===== Dataset entries

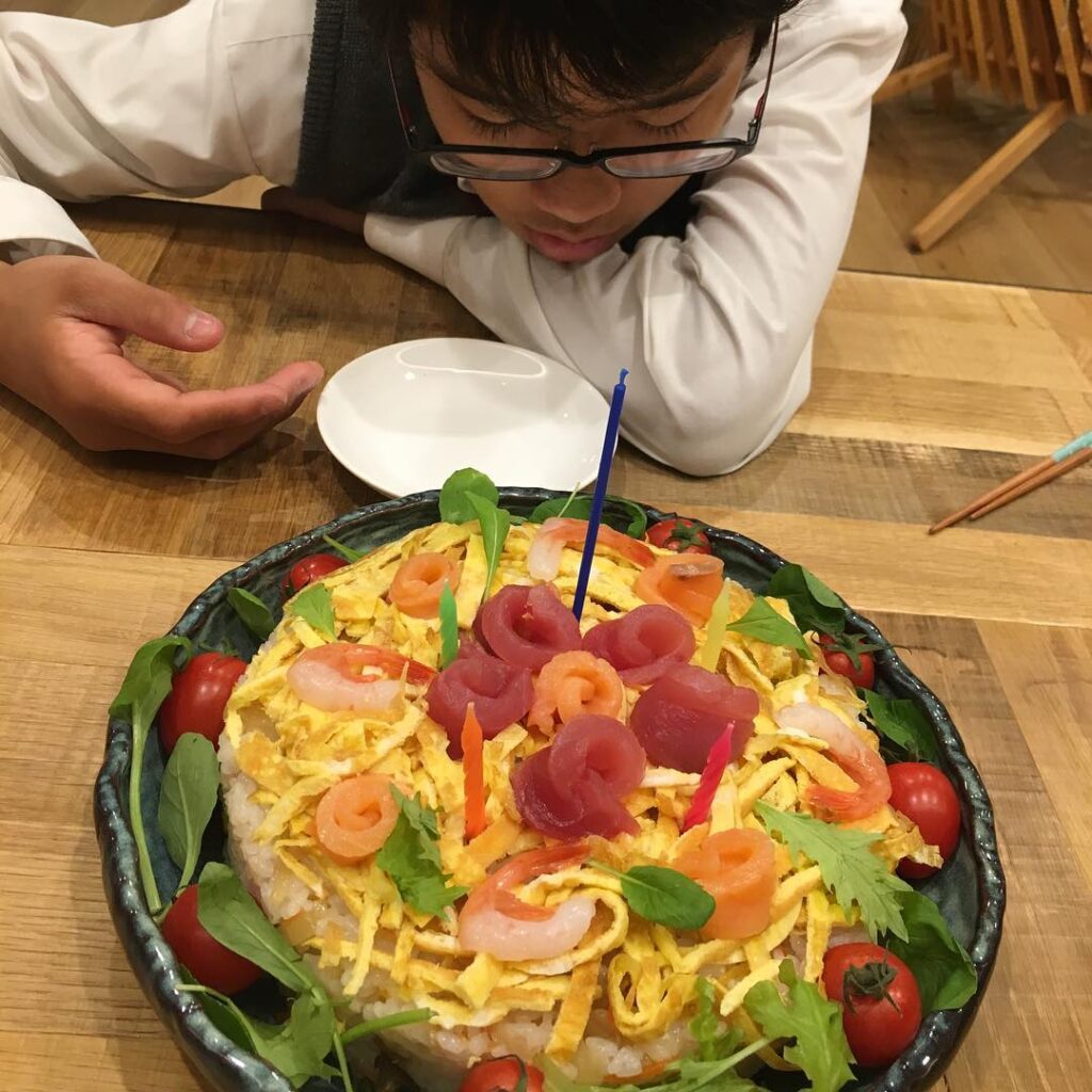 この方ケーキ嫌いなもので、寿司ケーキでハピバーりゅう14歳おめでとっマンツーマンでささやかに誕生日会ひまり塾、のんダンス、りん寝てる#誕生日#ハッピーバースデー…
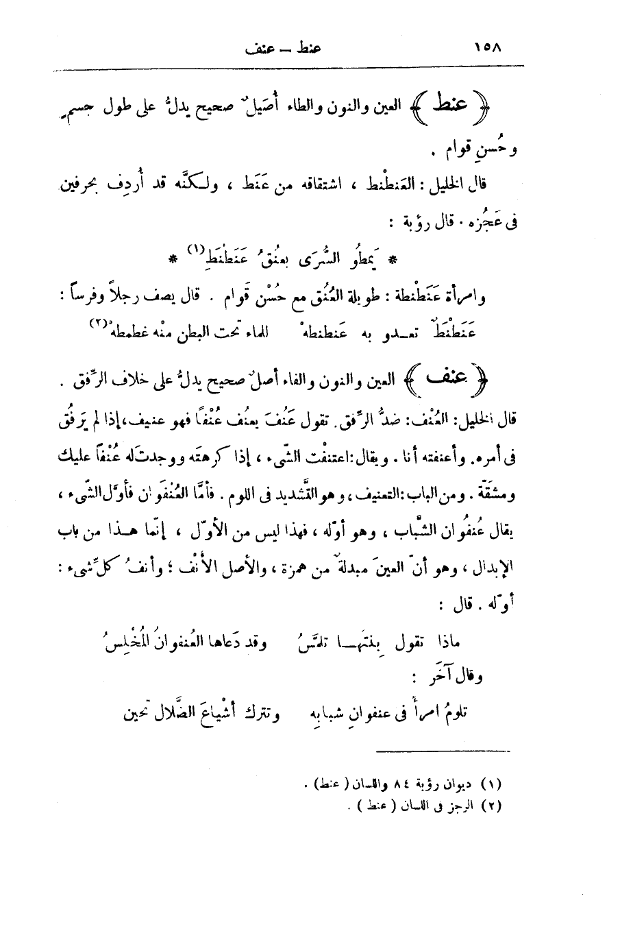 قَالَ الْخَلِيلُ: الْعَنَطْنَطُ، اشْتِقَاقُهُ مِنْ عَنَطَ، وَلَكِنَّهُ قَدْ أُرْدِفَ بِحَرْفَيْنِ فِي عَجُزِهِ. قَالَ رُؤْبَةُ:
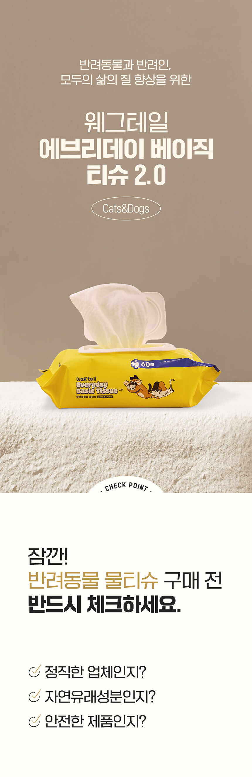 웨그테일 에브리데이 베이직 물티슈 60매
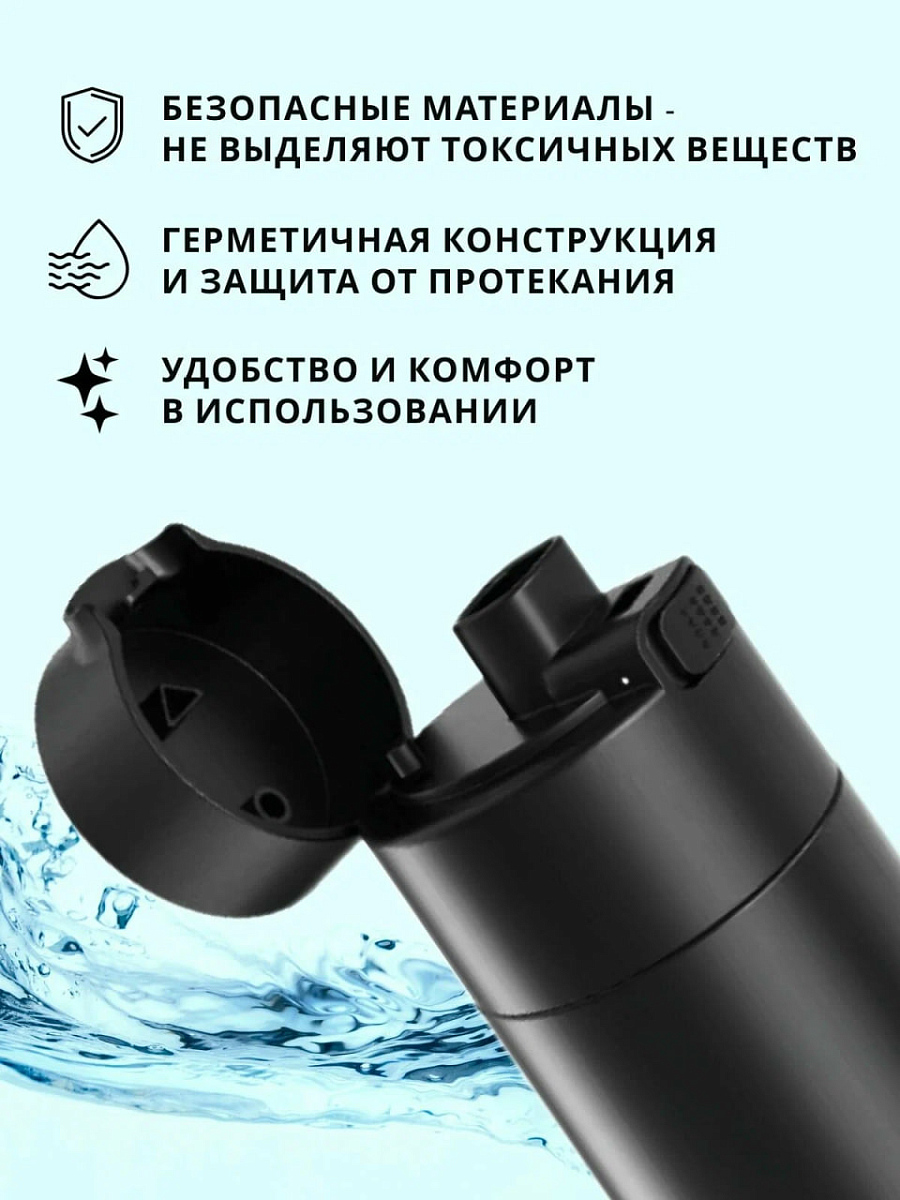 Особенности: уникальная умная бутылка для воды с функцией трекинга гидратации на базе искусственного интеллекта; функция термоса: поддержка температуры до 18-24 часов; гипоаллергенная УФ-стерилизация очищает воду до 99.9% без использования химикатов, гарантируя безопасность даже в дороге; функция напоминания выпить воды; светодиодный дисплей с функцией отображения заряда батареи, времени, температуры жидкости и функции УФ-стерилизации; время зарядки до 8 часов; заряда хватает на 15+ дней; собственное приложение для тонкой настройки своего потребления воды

==========
===== Dataset entries

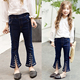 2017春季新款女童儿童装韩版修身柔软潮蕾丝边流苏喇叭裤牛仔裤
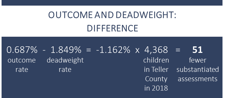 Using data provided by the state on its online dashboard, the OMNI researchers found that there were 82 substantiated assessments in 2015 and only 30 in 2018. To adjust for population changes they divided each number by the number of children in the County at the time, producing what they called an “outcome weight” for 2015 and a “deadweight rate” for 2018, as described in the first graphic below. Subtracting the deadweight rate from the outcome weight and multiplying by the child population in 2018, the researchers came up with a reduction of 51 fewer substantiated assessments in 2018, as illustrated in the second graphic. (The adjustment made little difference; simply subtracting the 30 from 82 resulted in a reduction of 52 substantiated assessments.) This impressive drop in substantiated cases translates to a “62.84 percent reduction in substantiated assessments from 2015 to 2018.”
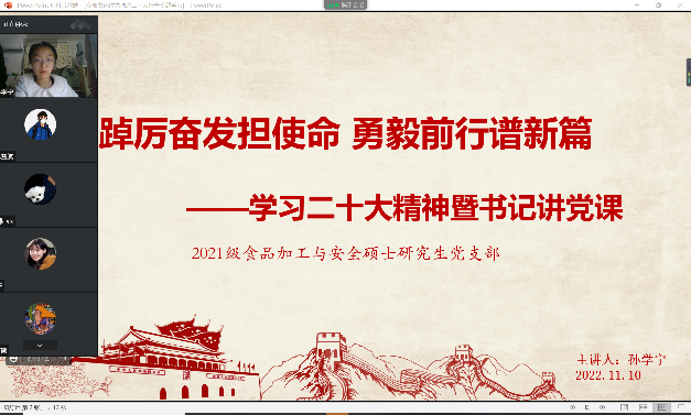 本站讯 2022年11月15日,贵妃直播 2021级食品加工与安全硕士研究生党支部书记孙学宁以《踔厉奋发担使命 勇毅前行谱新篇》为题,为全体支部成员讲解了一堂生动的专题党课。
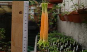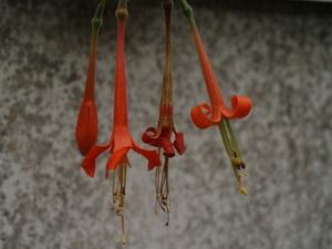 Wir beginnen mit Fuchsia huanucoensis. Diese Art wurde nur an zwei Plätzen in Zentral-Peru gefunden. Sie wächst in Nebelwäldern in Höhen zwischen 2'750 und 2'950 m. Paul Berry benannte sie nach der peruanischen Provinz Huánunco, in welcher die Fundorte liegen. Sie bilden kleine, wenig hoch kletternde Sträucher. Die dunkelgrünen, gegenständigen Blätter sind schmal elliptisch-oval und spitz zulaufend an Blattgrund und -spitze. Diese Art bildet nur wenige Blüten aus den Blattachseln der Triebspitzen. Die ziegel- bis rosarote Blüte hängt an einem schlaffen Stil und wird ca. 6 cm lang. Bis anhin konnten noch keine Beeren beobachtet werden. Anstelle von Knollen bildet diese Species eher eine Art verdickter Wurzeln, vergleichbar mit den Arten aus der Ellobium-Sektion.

==========

=== Exercise ===
Look above and copy only the lines from the one holding "قَالَ الْخَلِيلُ: الْعَنَطْنَطُ،" to the one holding "Особенности: уникальная умная", both included, exactly, minus the pictures.

=== Task response ===
 قَالَ الْخَلِيلُ: الْعَنَطْنَطُ، اشْتِقَاقُهُ مِنْ عَنَطَ، وَلَكِنَّهُ قَدْ أُرْدِفَ بِحَرْفَيْنِ فِي عَجُزِهِ. قَالَ رُؤْبَةُ:
 웨그테일 에브리데이 베이직 물티슈 60매
 Особенности: уникальная умная бутылка для воды с функцией трекинга гидратации на базе искусственного интеллекта; функция термоса: поддержка температуры до 18-24 часов; гипоаллергенная УФ-стерилизация очищает воду до 99.9% без использования химикатов, гарантируя безопасность даже в дороге; функция напоминания выпить воды; светодиодный дисплей с функцией отображения заряда батареи, времени, температуры жидкости и функции УФ-стерилизации; время зарядки до 8 часов; заряда хватает на 15+ дней; собственное приложение для тонкой настройки своего потребления воды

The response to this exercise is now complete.